# Capping windows with coil stock



## Windows on Wash (Aug 30, 2011)

Wrapping is probably a more permanent solution. Can't say that I have seen a brown wrap with a white window.


----------



## HomeSealed (Jan 3, 2008)

We just finished a brown wrap on white HiMark 500 windows a couple days ago. Looks nice, but colors schemes are always going to be personal preference... I'll see if I can get a pic. 
+1 on capping, just make sure that it is done properly or it can cause more harm than good. Replacement with a pvc or composite trim is an option as well, but it will be pricier. Either way is better than having to repaint your wood every few years.


----------



## kwikfishron (Mar 11, 2010)

HomeSealed said:


> Either way is better than having to repaint your wood every few years.


I don’t know about that, there still are many consumers out there that prefer the rich beauty that you can only get with wood.

Just because something’s easier or offers less maintenance doesn’t automatically make it better.

I own a brake and will use it if that’s what they want but I prefer the restoration of old details over cover up any day. Fortunately (for me) most of my customers feel the same way too.


----------



## Windows on Wash (Aug 30, 2011)

kwikfishron,

I agree 100%. Capping is a poor substitute for the look of wood, however, most folks are tired or painting and rot repairs. We get people that ask up to cap everything.

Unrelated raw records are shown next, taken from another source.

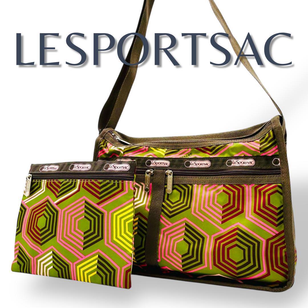- 【希少】LeSportsac レスポートサック 幾何学模様 お得セット ショルダーバッグ マルチカラー系 大人気モデル 希少 ポーチ付き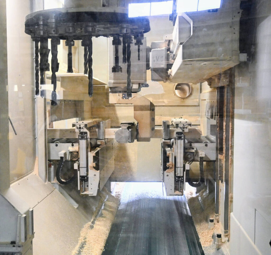 高効率な生産体制を支えるのが、先進的な設備だ。特に、6軸制御多目的加工機は、これまで大工技能を持つ作業員が複数人で行っていた複雑な加工を、プログラム制御により1〜2名で対応可能にした。これにより生まれた人員の余裕を他の工程へ再配置することで、工場全体の生産性を向上させた。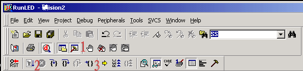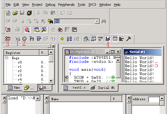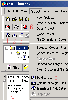 (5)C程序文件已被我们加到了项目中了,下面就剩下编译运行了。这个项目我们只是用做学习新建程序项目和编译运行仿真的基本方法,所以使用软件默认的编译设置,它不会生成用于芯片烧写的HEX文件,如何设置生成HEX文件就请看下面的第三课。我们先来看图1-7吧,图中1、2、3都是编译按钮,不同是1是用于编译单个文件。2是编译当前项目,如果先前编译过一次之后文件没有做动编辑改动,这时再点击是不会再次重新编译的。3是重新编译,每点击一次均会再次编译链接一次,不管程序是否有改动。在3右边的是停止编译按钮,只有点击了前三个中的任一个,停止按钮才会生效。5是菜单中的它们,我个人就不习惯用它了。嘿嘿,这个项目只有一个文件,你按123中的一个都可以编译。按了?好快哦,呵呵。在4中可以看到编译的错误信息和使用的系统资源情况等,以后我们要查错就靠它了。6是有一个小放大镜的按钮,这就是开启\关闭调试模式的按钮,它也存在于菜单Debug-Start\Stop Debug Session,快捷键为Ctrl+F5。 |
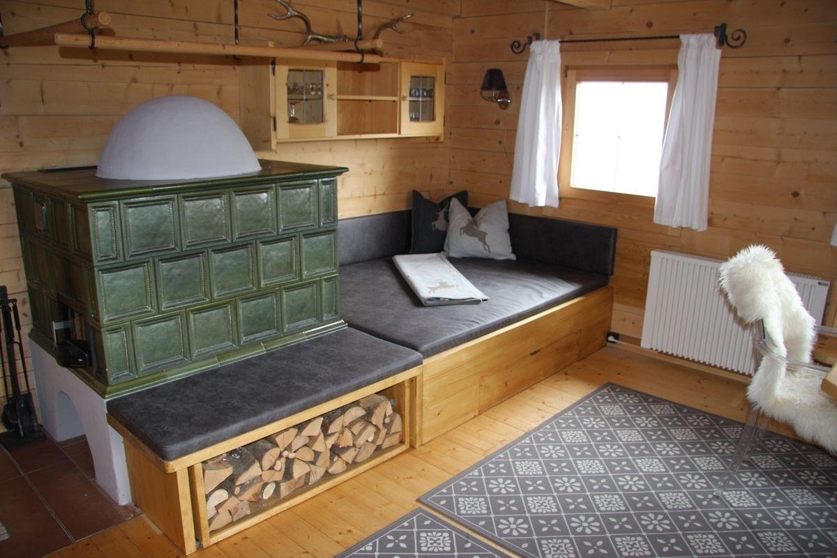 ? Gemütliche Wohnstube mit Kachelofen und Sitzbereich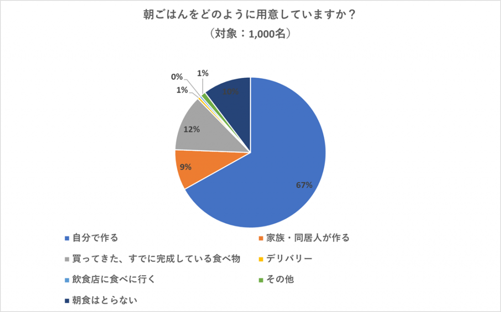 朝ごはんは、自分で用意する人が67%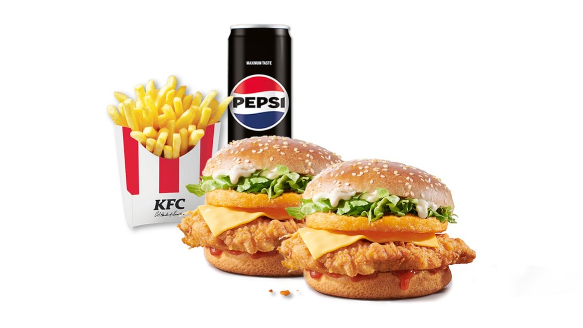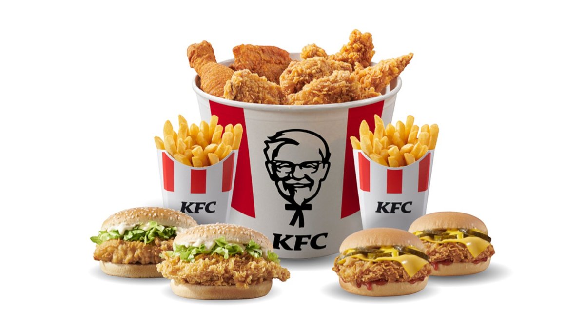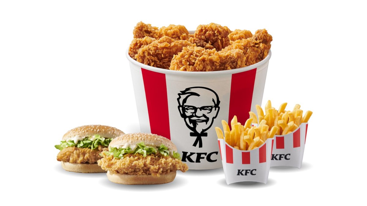 1 Variety Bucket (4 COB + 6 crispy strips + 10 hot wings) + 2 Fillet/ Zinger Burger + 2 Cheeseburger + 2 Medium Fries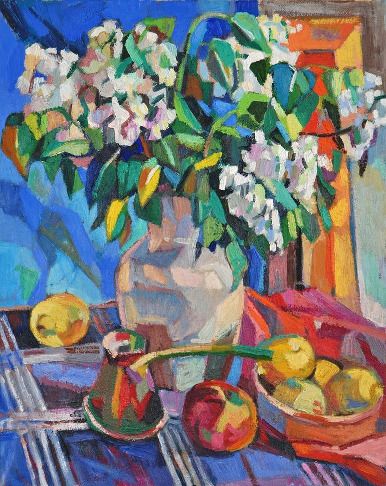 Original oil on canvas . Unframed. Spring flowers in a white vase. Spring scene.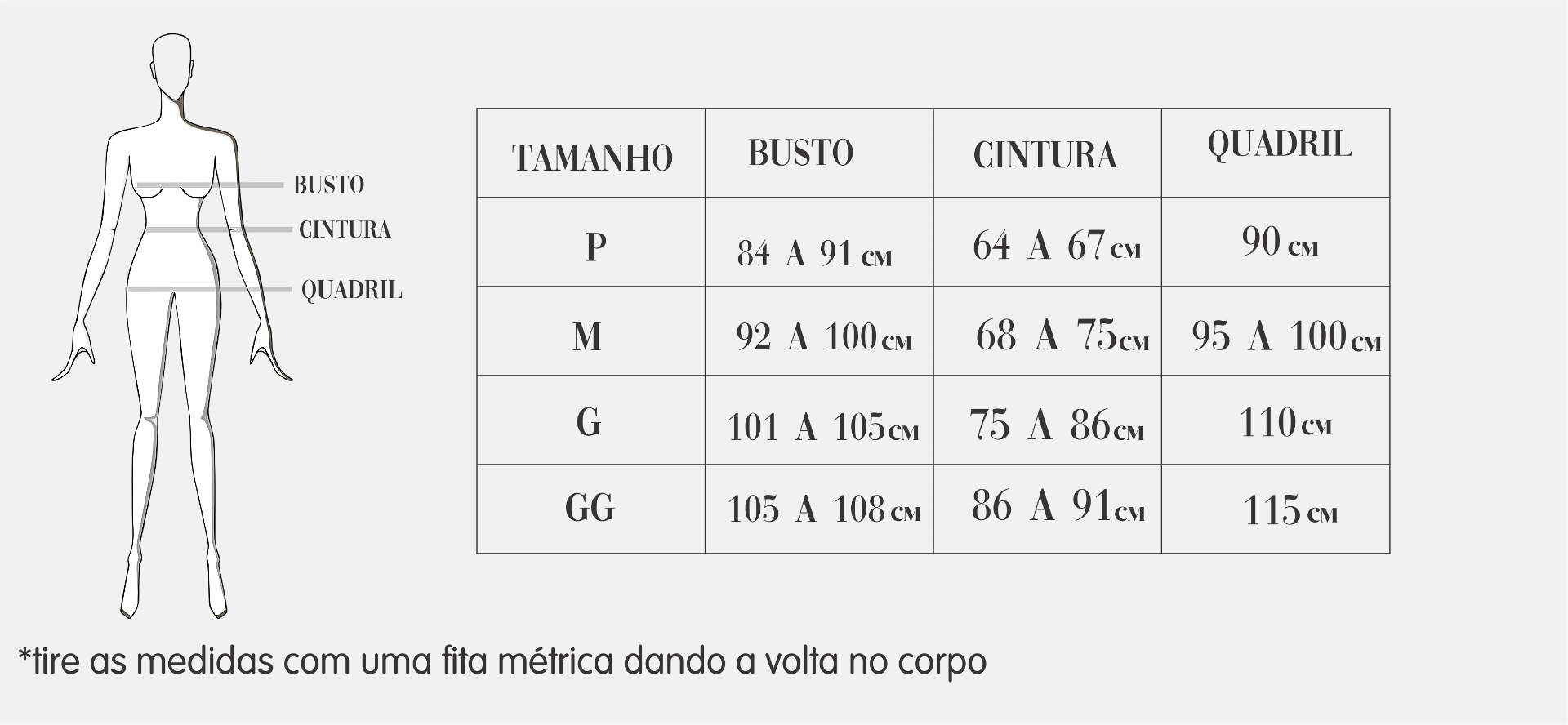 Para confirmar o tamanho, confira a nossa tabela de medidas do corpo abaixo.

I don't even like doing it but they insist sometimes.


----------



## HomeSealed (Jan 3, 2008)

kwikfishron said:


> I don’t know about that, there still are many consumers out there that prefer the rich beauty that you can only get with wood.
> 
> Just because something’s easier or offers less maintenance doesn’t automatically make it better.
> 
> I own a brake and will use it if that’s what they want but I prefer the restoration of old details over cover up any day. Fortunately (for me) most of my customers feel the same way too.


Actually that is why I mentioned the PVC/composite options like Azek, etc. PVC brickmold has the exact same profile as wood, but will never rot. Now when you are talking about some of these gorgeous 100year old homes with ornate crown on the fascias, etc, I agree that should not be touched. Can't say the same about a 1400 sq ft ranch built in 1967 though. If a home was designed with beauty in mind, preserve it. If it was designed with utility and efficiency in mind, then improve it in those areas.


----------



## Windows on Wash (Aug 30, 2011)

HomeSealed said:


> Actually that is why I mentioned the PVC/composite options like Azek, etc. PVC brickmold has the exact same profile as wood, but will never rot. Now when you are talking about some of these gorgeous 100year old homes with ornate crown on the fascias, etc, I agree that should not be touched. Can't say the same about a 1400 sq ft ranch built in 1967 though. If a home was designed with beauty in mind, preserve it. If it was designed with utility and efficiency in mind, then improve it in those areas.


Well said.


----------



## Window Advisor (May 30, 2012)

Is the siding on the house wood? 

I don't think it's a great look to have aluminum capped windows right next to wood siding. Plus if you have to paint the house, probably not that big a deal to paint the window trims while painting the rest of the house.

If you have vinyl siding I would cap the exterior trims.


----------